* **Recorded data**
__________

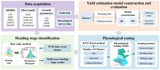 To address the issue of insufficient consideration of phenological heterogeneity in current winter wheat-yield estimation, this study proposes a framework for constructing a remote sensing and climate multi-factor driven model for winter wheat-yield estimation based on phenological zoning. The study first employs time-series remote sensing data to extract the winter wheat heading stages in the Huang-Huai-Hai region. Subsequently, the Dynamic K-Nearest Neighbors-Ward (KNN-Ward) spatial clustering algorithm is applied to derive phenological zones with high internal consistency within the study area. Based on this foundation, a Bayesian-optimized random forest model was constructed to estimate regional winter wheat-yields, incorporating crop vegetation indices, growth parameters, and meteorological data relevant to yield formation during the winter wheat growth period. The study conducted comparative analyses of the accuracy and robustness of yield-estimation models using traditional administrative and agricultural zoning systems, aiming to evaluate the role of phenological zoning in enhancing the adaptability of regional yield-estimation models.
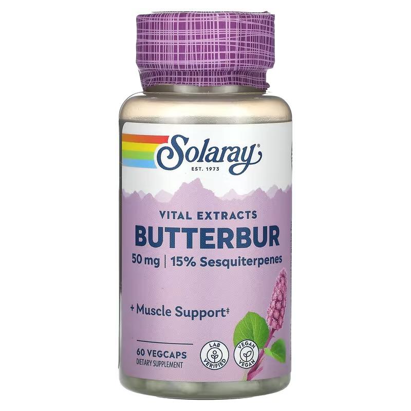 Экстракт корня белокопытника, Vital Extracts Butterbur, Solaray, 50 мг, 60 растительных капсул
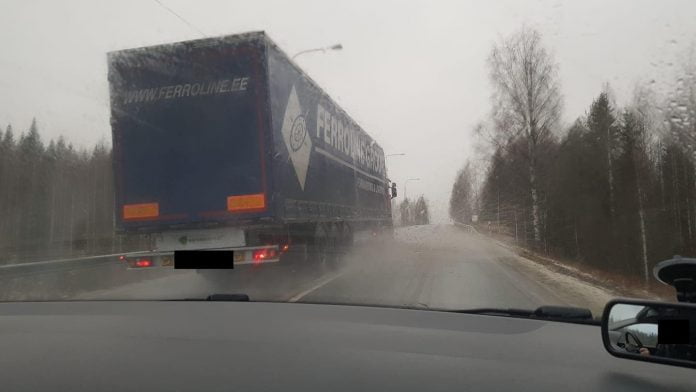 Liitteenä liikenneopettajan ottama kuva muutama päivä sitten, kun rekka ohitti kaksi ajoneuvoa kerralla ylämäkeen huonolla kelillä, piittaamatta ohituskiellosta kertovasta sulkuviivasta.

__________

Write out, word for word, only the lines from the one containing "Экстракт корня белокопытника, Vital" to the end of the data above; the pictures stay out.

 Экстракт корня белокопытника, Vital Extracts Butterbur, Solaray, 50 мг, 60 растительных капсул
 Liitteenä liikenneopettajan ottama kuva muutama päivä sitten, kun rekka ohitti kaksi ajoneuvoa kerralla ylämäkeen huonolla kelillä, piittaamatta ohituskiellosta kertovasta sulkuviivasta.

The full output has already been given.